Our taxi arrives to take us to the airport. I am not sad like Coleridge's wedding guest but I am a little wiser. 




          Fresh lychees in our hotel room, a gift of friendship


References:


War Remnants Museum by Vo Anh Tuan


On Earth We're Briefly Gorgeous by Ocean Vuong


The Rime of the Ancient Mariner by Samuel Taylor Coleridge


Comments

Sandra Horn said…
Thank you, Peter, for this fascinating glimpse into Vietnam and the highlights of your visit. It made me want to get on the next plane out there!
Griselda Heppel said…
What an amazing trip and how lovely that you had the contrast of a relaxing cruise along the coast with the bustle of Ho Chi Minh city. I looked it up to check that it was Saigon, where my diplomat parents were posted a long time ago, before I was born and before the Vietnam war. My mother was effectively confined to Saigon because of the French Indo China war and she always regretted not being able to see more of Vietnam (my father did, as part of his job).

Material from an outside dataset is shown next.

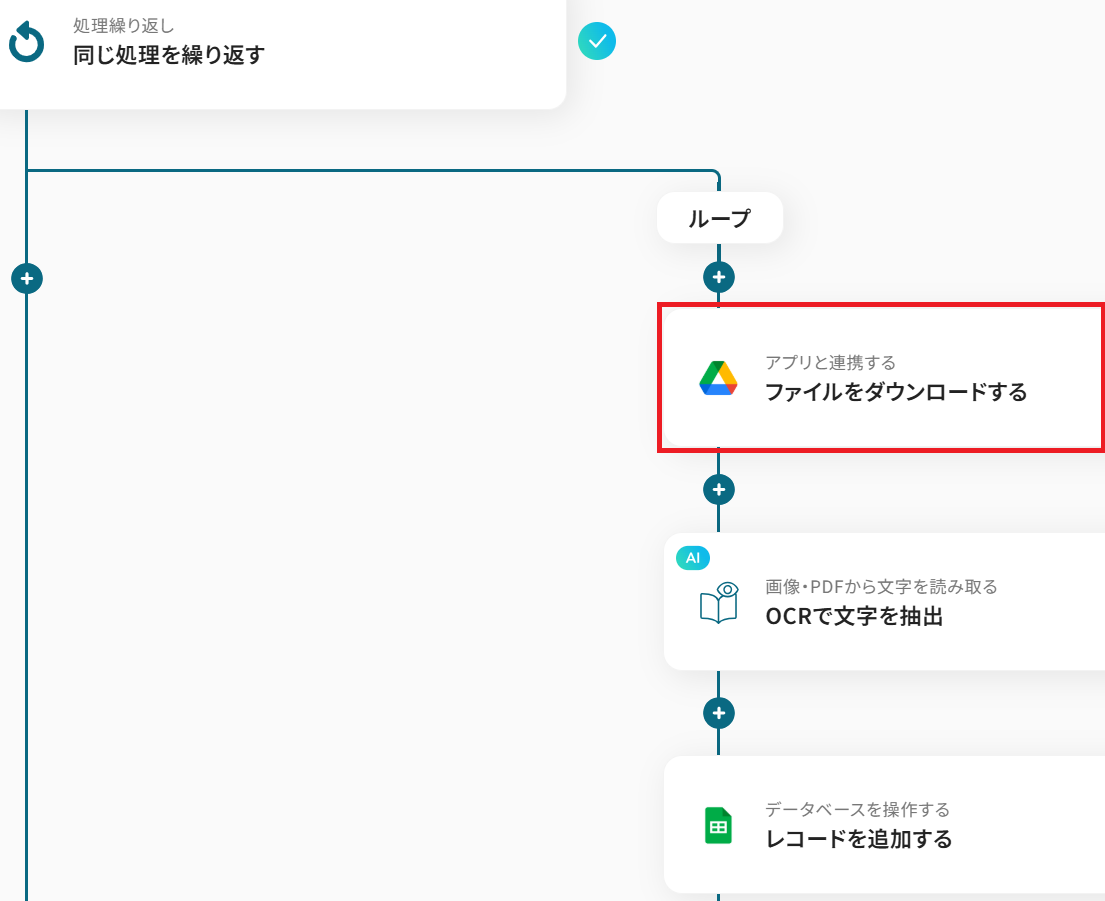 Google Driveなどのストレージサービスに保存された複数のファイルを一括でOCR処理し、抽出したテキスト情報をGoogle スプレッドシートなどに自動で記録するフローです。これまで時間のかかっていたデータ入力作業を効率化し、入力ミスも防ぐことができます。

The wedding sounds wonderful and I'm particularly jealous of the MENU. Vietnamese food is delicious. I hope you retired a fuller as well as wiser man.
Peter Leyland said…
Thanks for those nice comments. My sister read it Sandra and was pleased with how I'd told the story of the visit. She said that Linh has lots of photos which she will sort through and send. Mine were taken on the hoof and I almost called the blog 'I am a camera...' after another well-known writer.

It was fascinating to hear of your parents experiences there Griselda. I think The Quiet American, a Graham Greene novel, is excellent about the French-Colonial time. For me there is always a book. The food, well to be honest, we were given so much I hardly needed to eat for a week after getting back home. l am now looking forward to the pancake rolls!!
Umberto Tosi said…
What a great adventure. Thanks for sharing these experiences, book-worthy for their luscious imagery and keen insights into the lives of your gracious hosts.
Peter Leyland said…
Thanks for your generous comments Umberto which I really appreciated.